- Data -
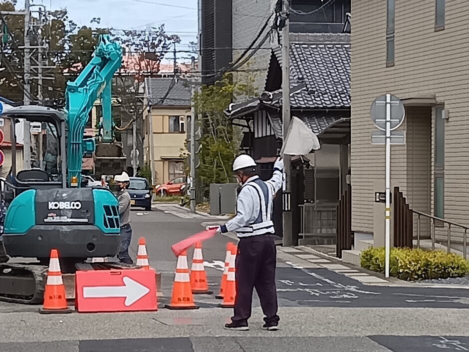 現場全体の安全を見通し、作業員・歩行者・車両の動線を頭に入れた上で的確に指示を出す――まさに安全の司令塔です。
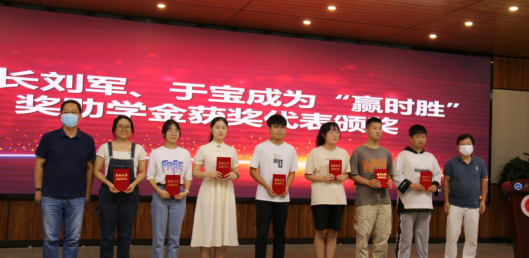副经理刘军、于宝成为“赢时胜”奖助学金获奖代表颁发荣誉证书
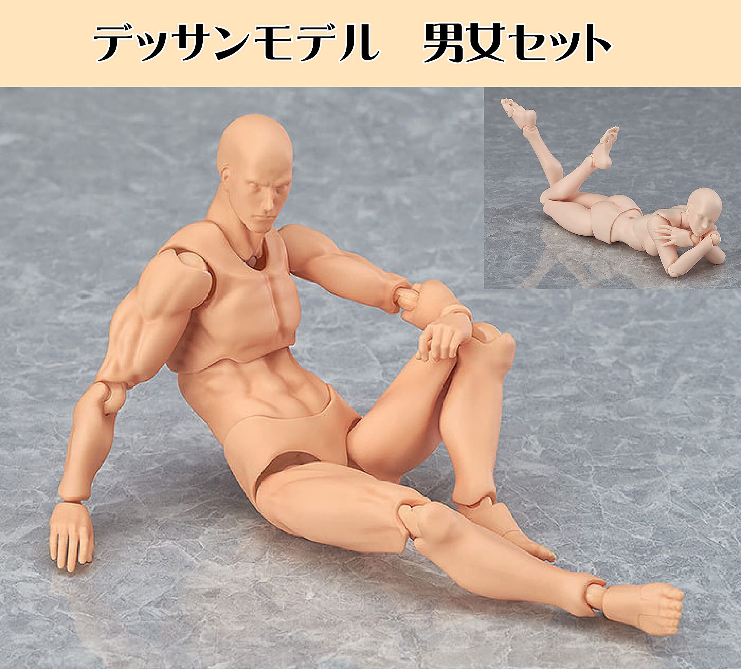 デッサンモデル デッサンフィギュア デッサン人形 フィギュア デッサン用 モデル人形 人体模型 マネキン 作画練習 小道具 スタンド付き 1/12 男女セット 肌色
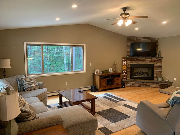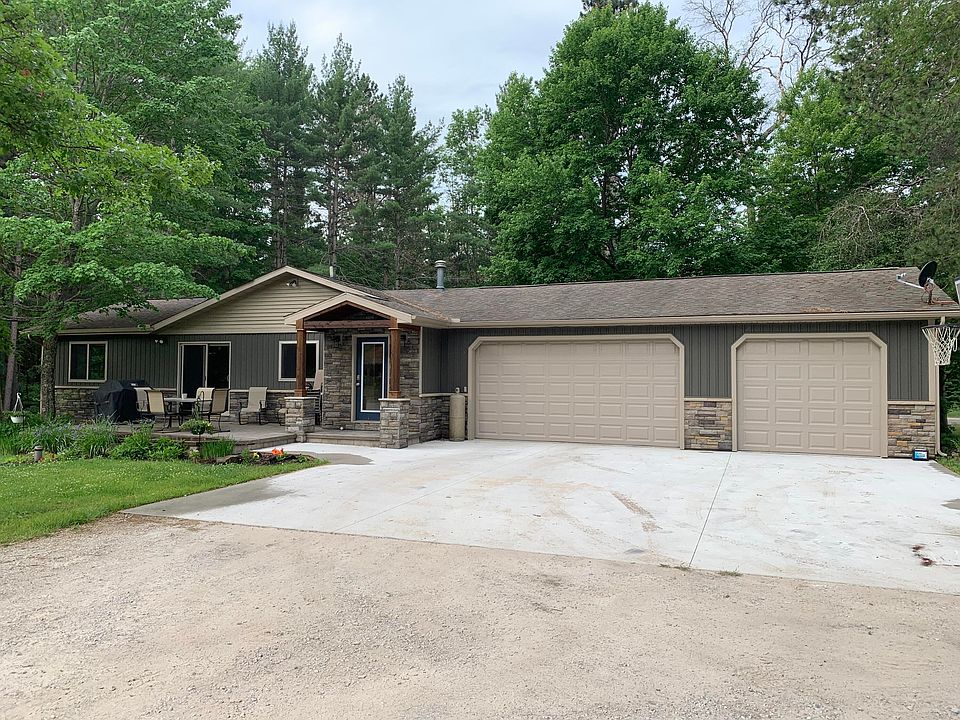 WOW! Lots to offer here. Let's start off with 10 acres across the road from State Land. 2100 Sq ft on the main level with 3 bedrooms and 2 baths. Open living area with a large kitchen and solid core counter tops, dining area and living room with a stone fireplace. Floors are ceramic and maple. Sliding glass door opens out to a 20x16 patio with stamped concrete. Attached 3 car garage. The full walkout basement is mostly finished with 2 bedrooms (yes that is 5 bedrooms total) that have egress windows, a full bath, a kitchen area, living area, workout area and two large storage areas. The walkout consists of two levels of patio with a hot tub on one level and a cement firepit area. Think that is enough? Well how bout a new 40x64 pole barn with two 12x60 lean-tos on each side. One of which has a cement floor where the outside wood boiler is located! Inside boiler and baseboards are being replaced. Wood floors will be refinished once seller moves out.

- Aim of the exercise -
All of the data should come back exactly as written, but without pictures.

- Problem solution -
 現場全体の安全を見通し、作業員・歩行者・車両の動線を頭に入れた上で的確に指示を出す――まさに安全の司令塔です。
副经理刘军、于宝成为“赢时胜”奖助学金获奖代表颁发荣誉证书
 デッサンモデル デッサンフィギュア デッサン人形 フィギュア デッサン用 モデル人形 人体模型 マネキン 作画練習 小道具 スタンド付き 1/12 男女セット 肌色
 WOW! Lots to offer here. Let's start off with 10 acres across the road from State Land. 2100 Sq ft on the main level with 3 bedrooms and 2 baths. Open living area with a large kitchen and solid core counter tops, dining area and living room with a stone fireplace. Floors are ceramic and maple. Sliding glass door opens out to a 20x16 patio with stamped concrete. Attached 3 car garage. The full walkout basement is mostly finished with 2 bedrooms (yes that is 5 bedrooms total) that have egress windows, a full bath, a kitchen area, living area, workout area and two large storage areas. The walkout consists of two levels of patio with a hot tub on one level and a cement firepit area. Think that is enough? Well how bout a new 40x64 pole barn with two 12x60 lean-tos on each side. One of which has a cement floor where the outside wood boiler is located! Inside boiler and baseboards are being replaced. Wood floors will be refinished once seller moves out.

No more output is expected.